• _EXERCISE AIM_
Leaving out all pictures, retype the records exactly.

• _ENTRIES PROVIDED_
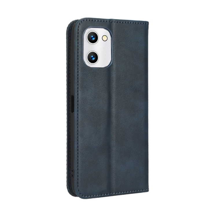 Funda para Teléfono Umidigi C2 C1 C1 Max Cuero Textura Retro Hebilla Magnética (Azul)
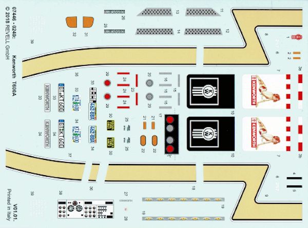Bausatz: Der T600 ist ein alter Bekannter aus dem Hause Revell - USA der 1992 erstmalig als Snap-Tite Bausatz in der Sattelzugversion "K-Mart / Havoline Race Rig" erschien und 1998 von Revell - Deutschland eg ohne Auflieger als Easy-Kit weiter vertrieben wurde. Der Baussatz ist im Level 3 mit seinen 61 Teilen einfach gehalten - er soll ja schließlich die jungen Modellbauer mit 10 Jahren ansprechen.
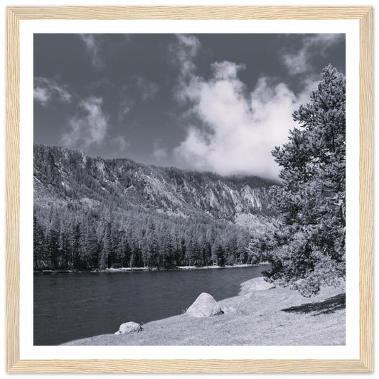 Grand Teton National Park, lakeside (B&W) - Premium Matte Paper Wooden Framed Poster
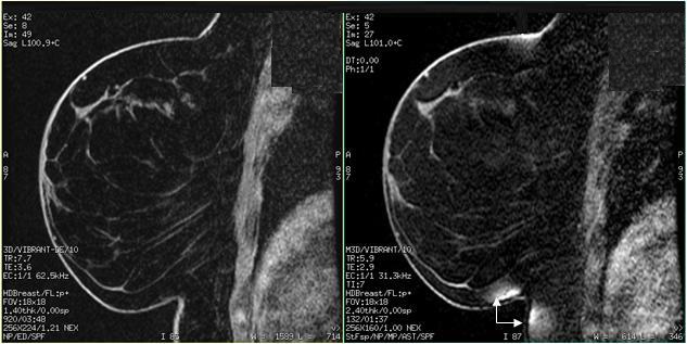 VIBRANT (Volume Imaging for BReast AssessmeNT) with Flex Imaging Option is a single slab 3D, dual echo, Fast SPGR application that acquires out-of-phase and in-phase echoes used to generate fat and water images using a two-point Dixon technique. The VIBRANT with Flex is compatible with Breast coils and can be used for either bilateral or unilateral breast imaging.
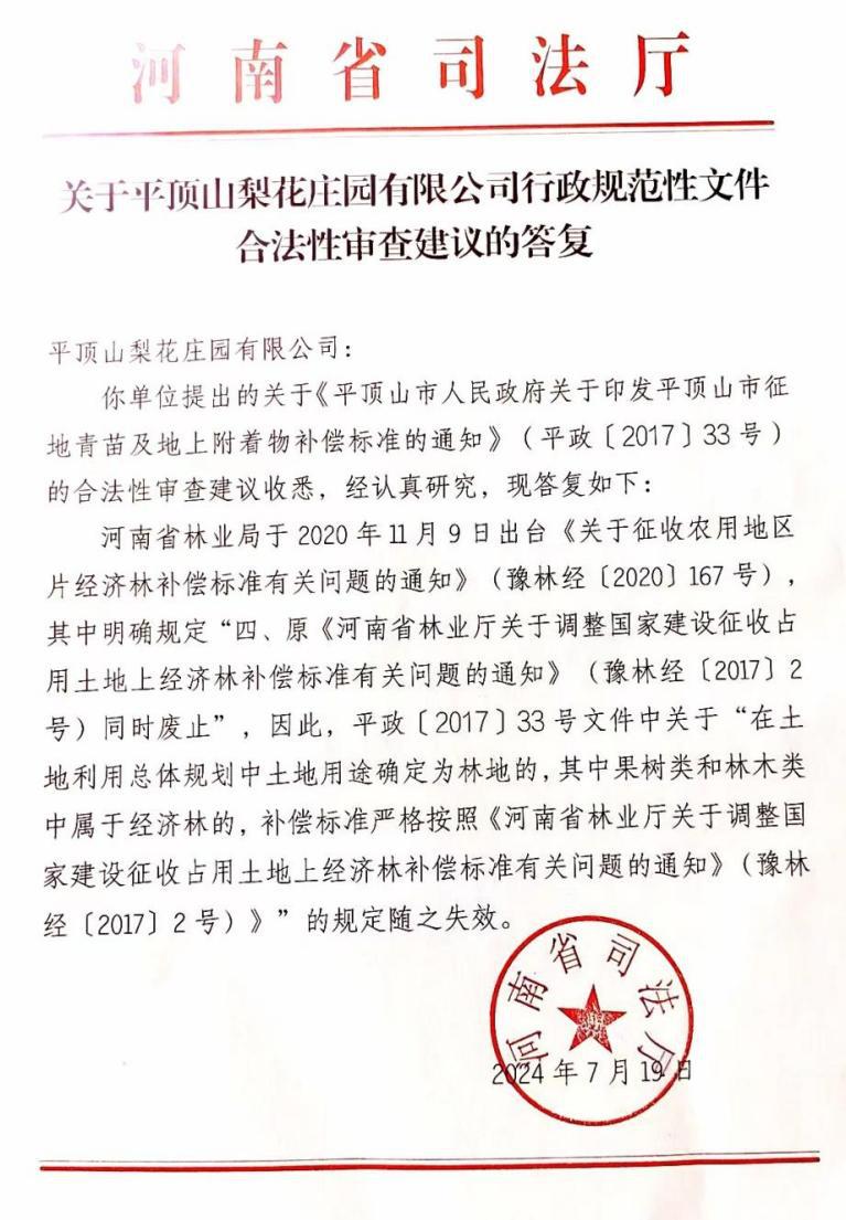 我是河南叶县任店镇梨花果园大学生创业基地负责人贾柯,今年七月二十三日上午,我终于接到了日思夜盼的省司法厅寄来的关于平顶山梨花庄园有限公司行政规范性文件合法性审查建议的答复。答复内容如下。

• _EXERCISE RESPONSE_
 Funda para Teléfono Umidigi C2 C1 C1 Max Cuero Textura Retro Hebilla Magnética (Azul)
Bausatz: Der T600 ist ein alter Bekannter aus dem Hause Revell - USA der 1992 erstmalig als Snap-Tite Bausatz in der Sattelzugversion "K-Mart / Havoline Race Rig" erschien und 1998 von Revell - Deutschland eg ohne Auflieger als Easy-Kit weiter vertrieben wurde. Der Baussatz ist im Level 3 mit seinen 61 Teilen einfach gehalten - er soll ja schließlich die jungen Modellbauer mit 10 Jahren ansprechen.
 Grand Teton National Park, lakeside (B&W) - Premium Matte Paper Wooden Framed Poster
 VIBRANT (Volume Imaging for BReast AssessmeNT) with Flex Imaging Option is a single slab 3D, dual echo, Fast SPGR application that acquires out-of-phase and in-phase echoes used to generate fat and water images using a two-point Dixon technique. The VIBRANT with Flex is compatible with Breast coils and can be used for either bilateral or unilateral breast imaging.
 我是河南叶县任店镇梨花果园大学生创业基地负责人贾柯,今年七月二十三日上午,我终于接到了日思夜盼的省司法厅寄来的关于平顶山梨花庄园有限公司行政规范性文件合法性审查建议的答复。答复内容如下。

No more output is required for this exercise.